WHAT IS REQUIRED: The entries below contain pictures, which are to be left out; write out exactly, and only, the lines from the line with "Linjan eteläosan dyynikentän" up to and including the line with "Fig. 4 : Alberto".

DATA SUPPLIED:
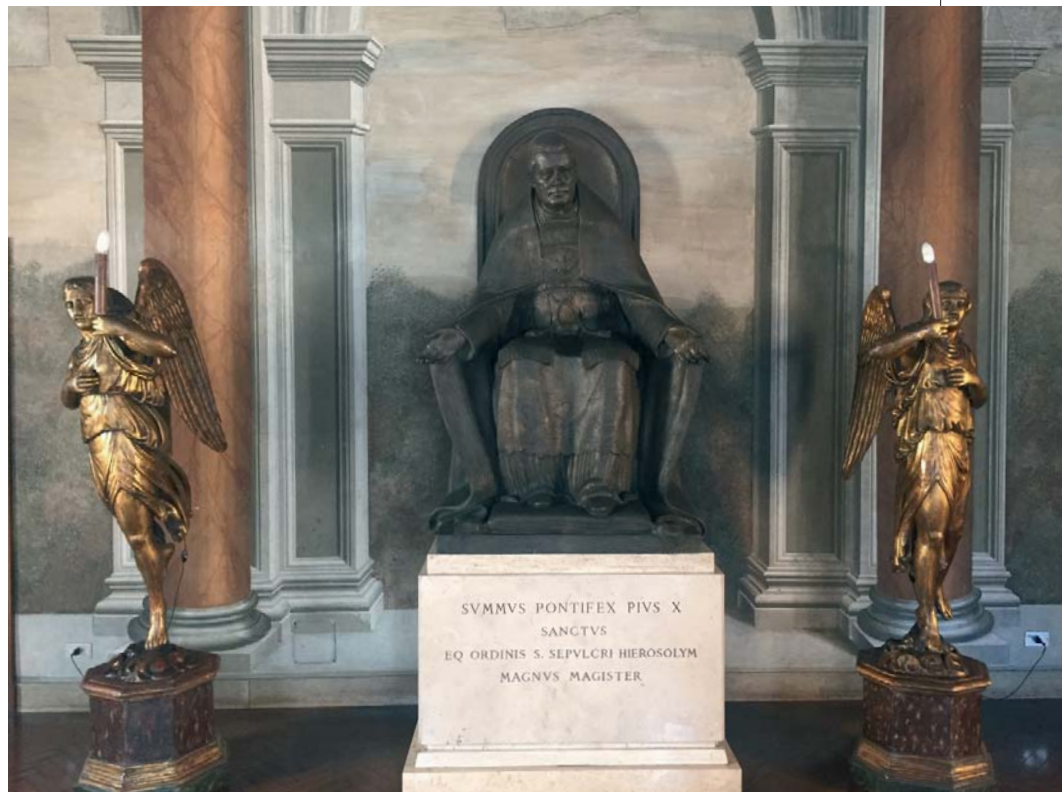
La statua di San Pio X presiede le grandi riunioni continentali e internazionali organizzate dal Gran Magistero, al Palazzo della Rovere, a pochi metri da piazza San Pietro.

la fede. Morto il 20 agosto 1914, pochi giorni dopo lo scoppio della prima guerra mondiale, è attualmente l'unico santo canonizzato appartenuto all'Ordine del Santo Sepolcro, di cui è stato Gran Maestro. Per consolidare la posizione dell'Ordine in Terra Santa, San Pio X riservò per lui e per i suoi successori la carica di Gran Maestro con la lettera apostolica Quam multa del 13 ottobre 1908, e concesse ai Cavalieri un posto nelle cappelle papali, mentre il Patriarca Latino di Gerusalemme venne designato Rettore e amministratore perpetuo dell'Ordine.
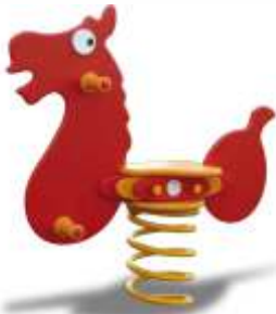
PE01019 € 285,00
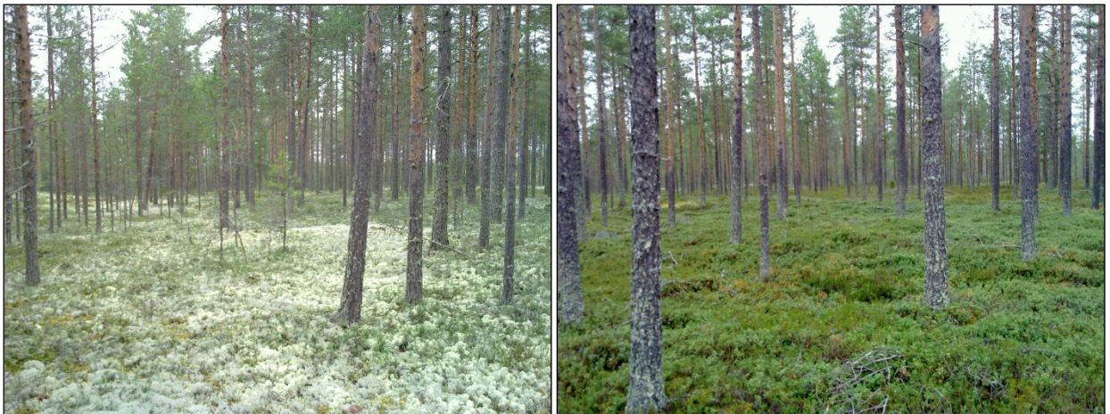
Linjan eteläosan dyynikentän maastoa Kiviharjun maastoa linjan kohdalla, pohjoiseen
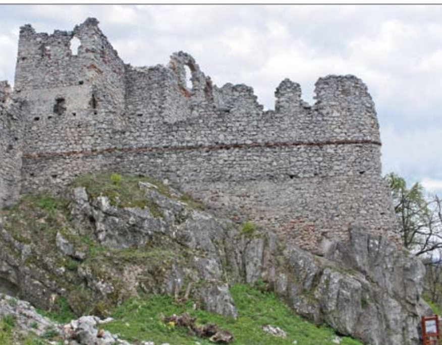
A kapuvédő erődítmény a vár nyugati oldalán
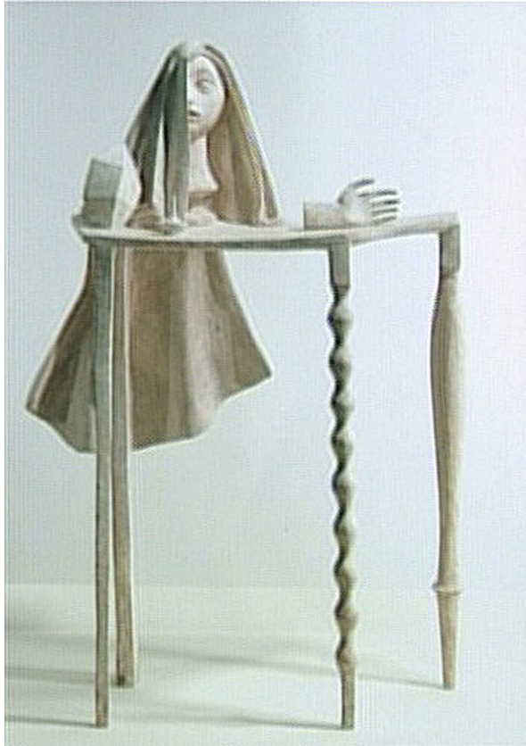
Fig. 4 : Alberto Giacometti, Table , 1933, plâtre 148,5 x 103 x 43 cm.

de manière très plastique. Le corps des personnages beckettien, et implicitement des acteurs, est toujours mis à l'épreuve. Ce n'est quasiment jamais le corps humain dans ses positions naturelles. Comme le remarque aussi Marie Claude Hubert dans son article « Evolution de la mise en scène du corps » 11 , sans faire malheureusement de comparaison avec les arts plastiques, chez Beckett, les corps sont de plus en plus souffrants, et portent les marques de tares profondes. Et, effectivement, l'expressivité de cette douleur qui a laissé son empreinte dans la chair est telle que ces personnages se

ANSWER SECTION:
Linjan eteläosan dyynikentän maastoa Kiviharjun maastoa linjan kohdalla, pohjoiseen
A kapuvédő erődítmény a vár nyugati oldalán
Fig. 4 : Alberto Giacometti, Table , 1933, plâtre 148,5 x 103 x 43 cm.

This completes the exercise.